= Differential psychology =

Branch of psychology

Differential psychology studies the ways in which individuals differ in their behavior and the processes that underlie it. It is a discipline that develops classifications (taxonomies) of psychological individual differences. This is distinguished from other aspects of psychology in that, although psychology is ostensibly a study of individuals, modern psychologists often study groups, or attempt to discover general psychological processes that apply to all individuals. This particular area of psychology was first named and still retains the name of "differential psychology" by William Stern in his 1900 book "Über Psychologie der individuellen Differenzen" (On the Psychology of Individual Differences).

While prominent psychologists, including Stern, have been widely credited for the concept of differential psychology, historical records show that it was Charles Darwin (1859) who first spurred the scientific interest in the study of individual differences. The interest was further pursued by half-cousin Francis Galton in his attempt to quantify individual differences among people.

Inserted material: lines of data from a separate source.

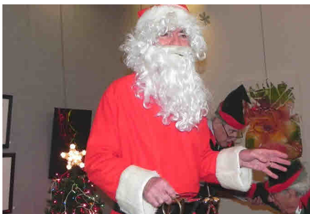
Babbo ise de broder of de Santi Clos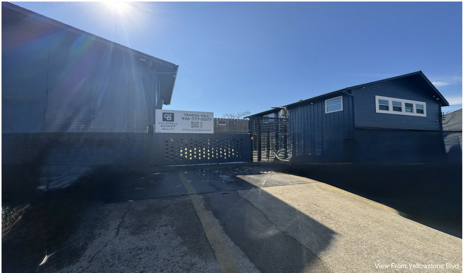
View From Yellowstone Blvd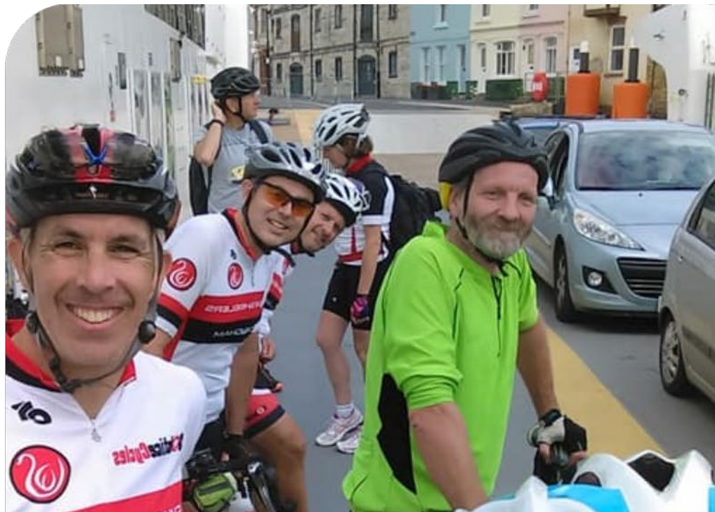
SWANNING AROUND – THE COWES FERRY AWAITS ON THE ISLE-O-WIGHT RIDE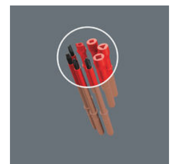
The system "one handle – many interchangeable blades" makes Kraftform Kompakt VDE compact screwdriving sets for in-house as well as mobile electrical applications out of the sets. The belt pouch is practical for tidy storage and transportation. Also available with electrical cabinet keys conforming to the industrial standards.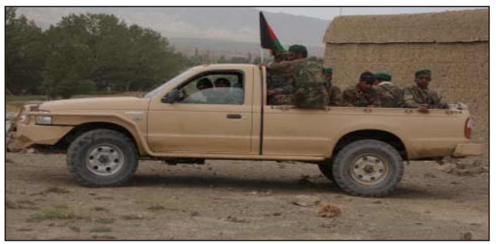
A squad of Afghan National Army soldiers follow an NAI patrol through the area surrounding Forward Operating Base Harriman July 27.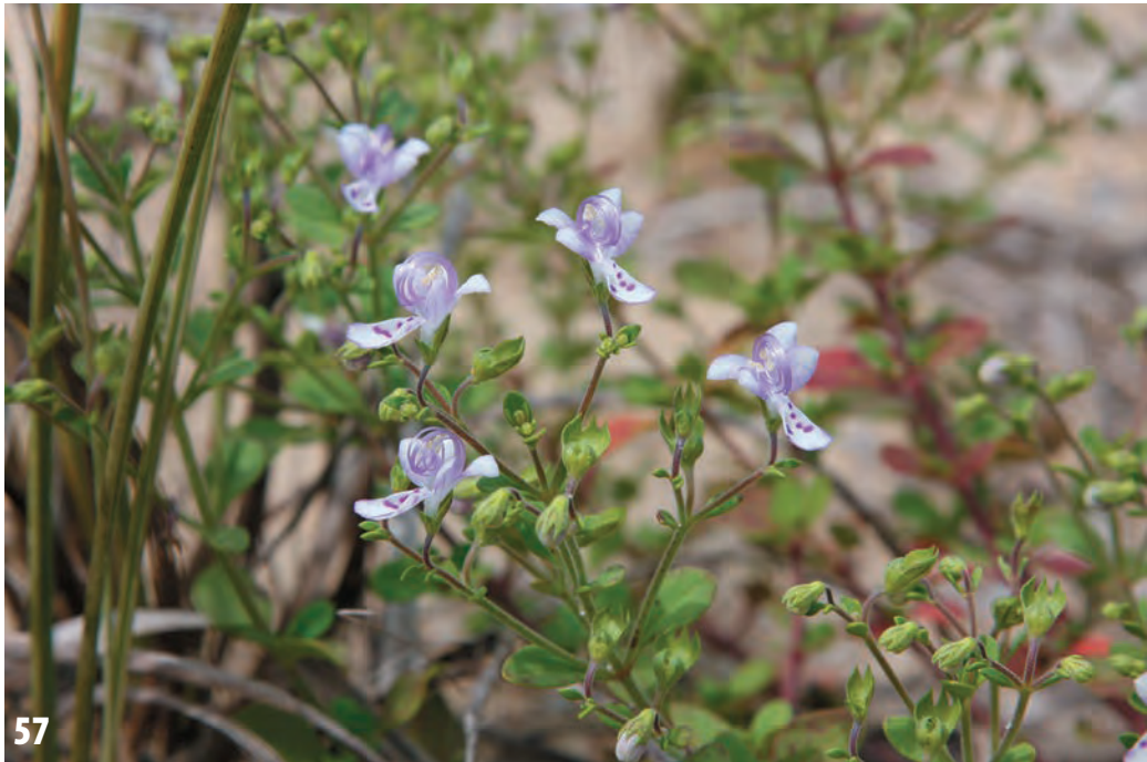
FIG. 55. Scleria verticillata . FIG. 56. Sesuvium maritimum . FIG. 57. Trichostema nesophilum .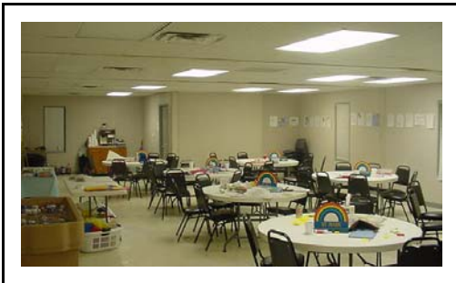
Project Room Interior

It is hard to believe it has already been six months since I came aboard as the Emmaus Community Lay Director. We have had some wonderful things happening in His glory. In June, we were met with the dilemma of certain "unknowns" regarding the continued use of Bishop Gracida as our retreat center for the Walks. But God provided us with a fabulous building, the use of which has facilitated "the best Walks ever!" As I have conveyed to you previously, we are still in need of funds to finance this acquisition. As can be seen from the photos, your money will be well spent. Please take the time to make the donation that has affected and will affect so many Pilgrims on their respective Walks, Journeys and Flights.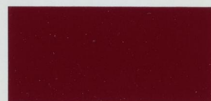
Burgundy Red Scorio 0E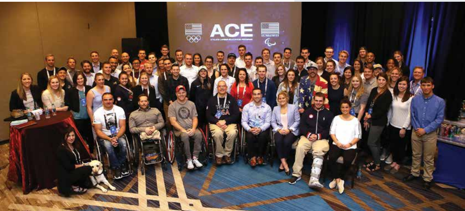
Nearly 90 Team USA Winter Games 2018 athletes attended the ACE Summit

FOR MORE INFORMATION ON ACE, VISIT WWW.TEAMUSA.ORG/ACE OR REACH OUT TO ACE@USOC.ORG .

For example, in evaluating the effectiveness of a new therapy, the mean performance of the therapy in one treatment group might be compared to the mean effectiveness of a placebo (or a well-known therapy) in a second, control group. In this context, differences between individuals in their reaction to the experimental and control manipulations are actually treated as errors rather than as interesting phenomena to study. This approach is applied because psychological research depends upon statistical controls that are only defined upon groups of people.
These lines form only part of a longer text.